Ask HN: What was the most absurd/funny statement that you ever heard on meeting? - mgolawski
Dear HN,<p>I’ve been involved during my career in multiple projects in different companies, and I saw a lot of absurd quotes from developers about their work blockers, imagined complicated stuff that they have done, or them just blaming other peoples code. Most of them were total bullshit that for business&#x2F;scrum sounded authentic.<p>So what was the most absurd, funny, filled with buzzwords daily meeting statement or situation that you have ever encountered?
======
aphextim
Was at a meeting with our subcontracts on a project with regards to building a
new bunker/warehouse for a company. The head guy from the Masonry company had
asked the question, "Are we going to use block-chain on this project?"

I was somewhat set back until I realized he wanted to make a chain wall out of
masonry blocks which they are typically pre-cast not built with block but
nevertheless I was humored.

Chain Wall - [https://www.hunker.com/13402487/what-is-a-chain-
wall](https://www.hunker.com/13402487/what-is-a-chain-wall)

Block -
[https://en.wikipedia.org/wiki/Concrete_masonry_unit](https://en.wikipedia.org/wiki/Concrete_masonry_unit)

------
duxup
We had gone through 3 rounds of layoffs. Things were sort of bleak those days.

We were called to a company wide conference call. We sat in the conference
room gathered around the phone thinking we were being laid off while someone
from "HR" explained that they had made an important decision. But they didn't
actually say what they were talking about, there was no meeting notes, the
invite to the meeting didn't even have a title, so everyone was confused.

They recounted that over the last 9 months HR had put in numerous hours on
this important project that had involved everyone in HR putting in extra
hours, and it had come to a successful conclusion.

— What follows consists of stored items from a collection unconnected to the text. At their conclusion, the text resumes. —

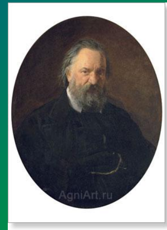
Н.Г. Чернышевский (революционер- демократ)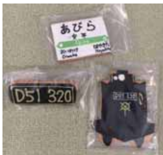
試作・提案された アイシングクッキー

2月22日には業務提携先の企業から焼いたクッキーの表面に砂糖・卵白を着色して装飾した“アイシングクッキー”の提案があり、道の駅の名称にちなんだ商品開発の可能性も検討しています。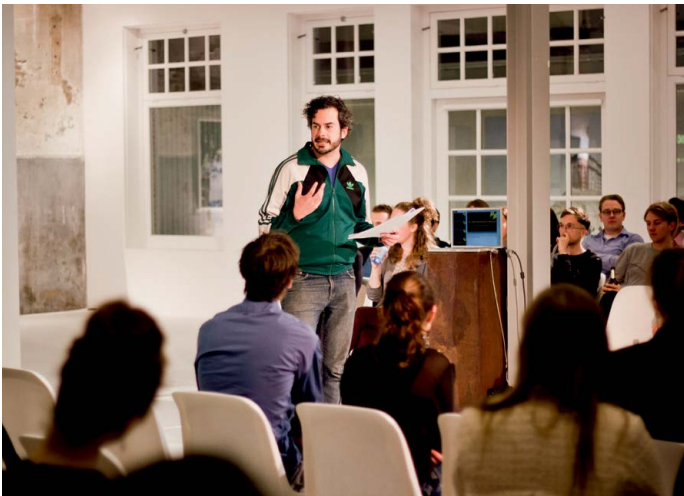
HF Young Academy

Het Holland Festival heeft geen eigen CAO. De CAO Theater van de Nederlandse Associatie voor Podiumkunsten (NAPK) wordt als richtlijn gebruikt. Het festival volgt de functie-indelingen en salaristabellen van deze CAO voor salariëring van het eigen personeel. Het Holland Festival heeft een pensioenregeling afgesloten met het Pensioenfonds Zorg en Welzijn (PFZW) en is aangesloten bij de werkgeversvereniging 'Werkgevers in de Kunsten'.

HR had renamed itself from "HR" to "People Services" to better reflect what
they do.

That was it.

------
thedevindevops
Dev: who should I handover to?

Mgr: Sandy

Dev: Sandy is leaving the week after I do

Mgr: We'll cross that bridge when we come to it

------
decasteve
Back in the mid 1990s our team had to keep our compiled binaries under a
certain size to fit on the eproms we were using. We were always refactoring
and moving things around to fit but it limited what we could do. A project
manager suggested we "remove all of the comments from the code to save space"
\-- not realizing the compiler does that away.

------
5555624
"Which bum dope was that?" (In response to, "You gave me some bum dope.")

------
scanny
'It's just adding a button, it should only take an hour'

------
muffa
Overheard a meeting where some project people were talking(you know the kind)
they were talking about some project being done in C++ but kept referring it
to CC++. True meeting engineers!

------
blodovnik
"I can write that in two weeks."